Idiots who have an inflated sense of self-entitlement will tell you that it's your moral duty to view their mind-numbingly tedious corporate ads on their web site or YouTube channel, or else their kids will starve and the sky will fall because their revenue stream will dry up. But that's bullshit. There is nothing intrinsic or morally mandatory about adverts propping up the livelihoods of netizens, and indeed a web not primarily based on advertising money might have been a much better and more interesting place by now, with a lot less spying.

Not only are web ads annoying, but they can consume a lot of bandwidth, be a privacy problem in terms of allowing companies to track your browsing habits and also any badly written scripts they contain may introduce exploitable security holes.

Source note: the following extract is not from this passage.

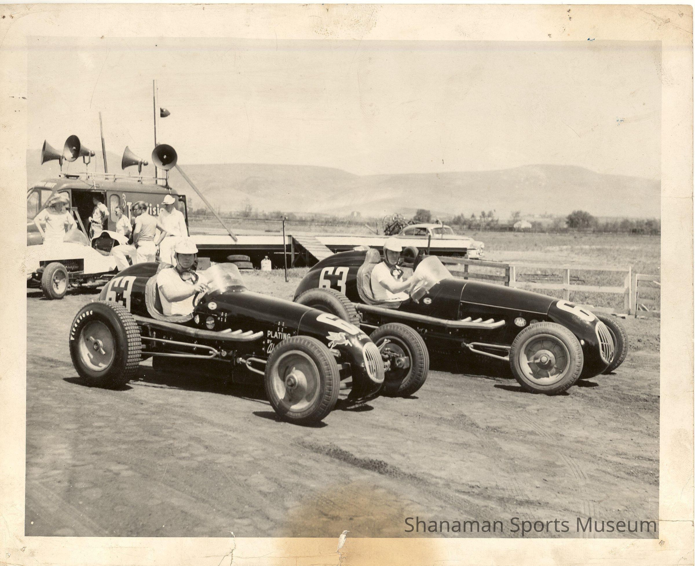 Mel Maughey gets his picture taken sitting in his midget racing car (on the left). Midget car racing was a popular sport in the Tacoma area for a long time. In 1956, Dick Boness built a paved, quarter-mile oval track, the Spanaway Speedway. The track was in continuous use for almost 50 years.Lexicon

Also if you're poor then adverts often make you want things that you can't have.

You can block ads for any devices connected to your local network by installing the pihole app from Add/Remove Apps on the administrator control panel. This may help to improve overall performance of your devices by not wasting time downloading unwanted images or scripts.

Also don't expect perfection. Though many ads may be blocked by this system some will still get through. It's a constant cat and mouse game between advertisers and blockers.

Set a static IP address

Ensure that your system has a static local IP address (typically 192.168..) using the option on the control panel. You will also need to know the IP address of your internet router, which is usually 192.168.1.1 or 192.168.1.254.

When that's done select About this system from the control panel and see the IPv4 address. You can use this as a DNS address in two ways:

On each client system within your local network

Make sure that you add the static IP address for the server to /etc/hosts.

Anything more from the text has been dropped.